Техническим результатом предлагаемого изобретения является возможность многоразового использования его для учебных, научно-исследовательских и диагностический целей.

В случае, когда требуется визуализировать клетки, определить их количество и дифференцировать, то предлагается способ изготовления микропрепаратов из желчи с окрашиванием спиртовым раствором основного фуксина для цитологического исследования.

Способ изготовления микропрепаратов из желчи включающий подготовку желчи, двух предметных стекол, спиртовой раствор основного фуксина и прищепки для просушивания гистологических препаратов.

Отличием является то, что на одно предметное стекло помещают каплю желчи (желательно еще теплую), наносят каплю спиртового раствора фуксина и плотно накрывают вторым предметным стеклом и совершают несколько круговых движений, не разъединяя стекла фиксируют их с помощью зажима для просушивания гистологических препаратов в роли зажима и в таком виде просушивают. Зажим для просушивания гистологических препаратов далее снимают и фиксируют препарат в чехол для хранения гистологических препаратов.

Зажим может выполнен в виде прищепки, фиксирующей в стабильном положении стекла. Чехол для хранения гистологических препаратов выполнен из силикона, что снижает вероятность его повреждения во время длительного использования.

Полученные микропрепараты можно использовать в диагностических, научно-исследовательских целях, при которых необходимо визуализировать клетки, а также посчитать их количество и некоторым образом их дифференцировать, необходимо сразу до фиксации желчи между предметными стеклами, добавить спиртовый раствор основного гистологического красителя фуксина поверх капли желчи и немедленно накрыть вторым предметным стеклом, в процессе распределения желчи краситель окрасит клетки, которые будут там присутствовать. Этиловый спирт будет выступать в качестве фиксатора клеток, которые не будут разрушаться, а также выступит в качестве среды, облегчающей проникновение красителя внутрь цитоплазмы и ядра клеток.

Долговечность сохранения препаратов, возможность их исследования через длительный промежуток времени, возможность визуализации препарата актуальна в сложных диагностических случаях, для дифференциальной диагностики заболевания, а также наличия, вида и количества собственных клеток организма и онкологических клеток, кроме того наличия и разновидности бактериальных клеток, которые могут находиться в желчи.

В учебном процессе долговечность препаратов упрощает работу преподавателю и учебно-вспомогательному персоналу. Препарат можно использовать несколько раз, изготовив однажды.

Пример. По указанному способу изготовлен микропрепарат из желчи в октябре 2015 года. В хорошем состоянии микропрепарат использовался на учебных занятиях и в научно-исследовательской работе в феврале 2024 года для демонстрации и идентификации клеток эпителия желчевыводящих путей, попавших в желчь у животных. В окрашенных препаратах желчи также были показаны клетки крови и бактериальные клетки, попавшие в желчь из-за острого гнойного воспаления при моделировании описторхоза у животных в эксперименте.
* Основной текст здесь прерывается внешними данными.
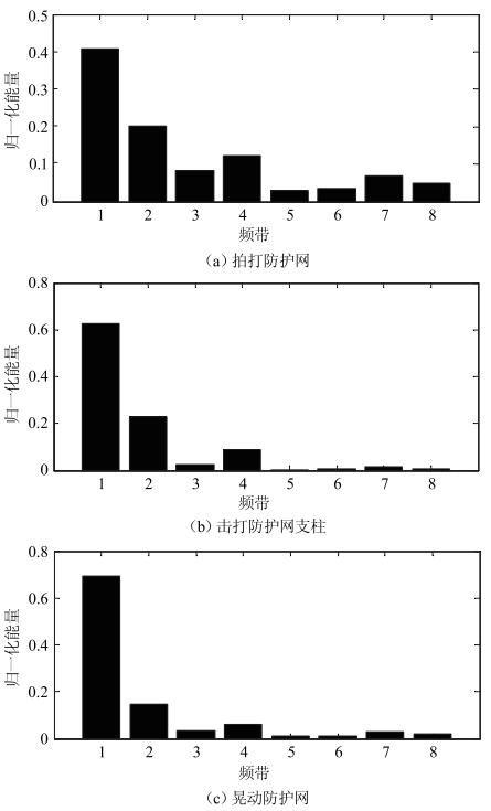 接著,利用實(shí)時(shí)采集的數(shù)據(jù)進(jìn)行特征提取。將PCI采集卡采樣頻率設(shè)置為50 KHz,分別采集拍打防護(hù)網(wǎng)、擊打防護(hù)網(wǎng)支柱、晃動(dòng)防護(hù)網(wǎng)和拍打光纜4種不同類型的傳感信號(hào)。對(duì)采集的4種類型的傳感信號(hào)分別進(jìn)行小波基為“db4”函數(shù)的4層小波包分解,得到16個(gè)子頻帶。將前8個(gè)子頻帶能量值作為傳感信號(hào)特征,最終得到一個(gè)8維特征向量。傳感信號(hào)特征向量如圖3所示。

Изобретение относится к медицине и биологии. Раскрыт способ изготовления микропрепаратов из желчи долгосрочной визуализации для цитологического исследования, заключающийся в том, что проводят подготовку желчи, двух предметных стекол, спиртового раствора основного фуксина и зажима для просушивания гистологических препаратов, затем на одно предметное стекло помещают каплю желчи, наносят каплю спиртового раствора фуксина и плотно накрывают вторым предметным стеклом и совершают несколько круговых движений, не разъединяя стекла, фиксируют их с помощью зажима для просушивания гистологических препаратов и в таком виде просушивают. Изобретение обеспечивает возможность многоразового использования его для учебных, научно-исследовательских и диагностический целей. 1 з.п. ф-лы, 1 пр.
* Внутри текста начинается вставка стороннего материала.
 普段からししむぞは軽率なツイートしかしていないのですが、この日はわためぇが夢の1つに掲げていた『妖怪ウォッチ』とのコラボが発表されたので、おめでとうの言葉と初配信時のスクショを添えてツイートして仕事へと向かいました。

Способ изготовления микропрепаратов из желчи долгосрочной визуализации для цитологического исследования, включающий подготовку желчи, двух предметных стекол, спиртового раствора основного фуксина и зажима для просушивания гистологических препаратов, отличающийся тем, что на одно предметное стекло помещают каплю желчи, наносят каплю спиртового раствора фуксина, плотно накрывают вторым предметным стеклом и совершают несколько круговых движений, не разъединяя стекла, фиксируют их с помощью зажима для просушивания гистологических препаратов и в таком виде просушивают.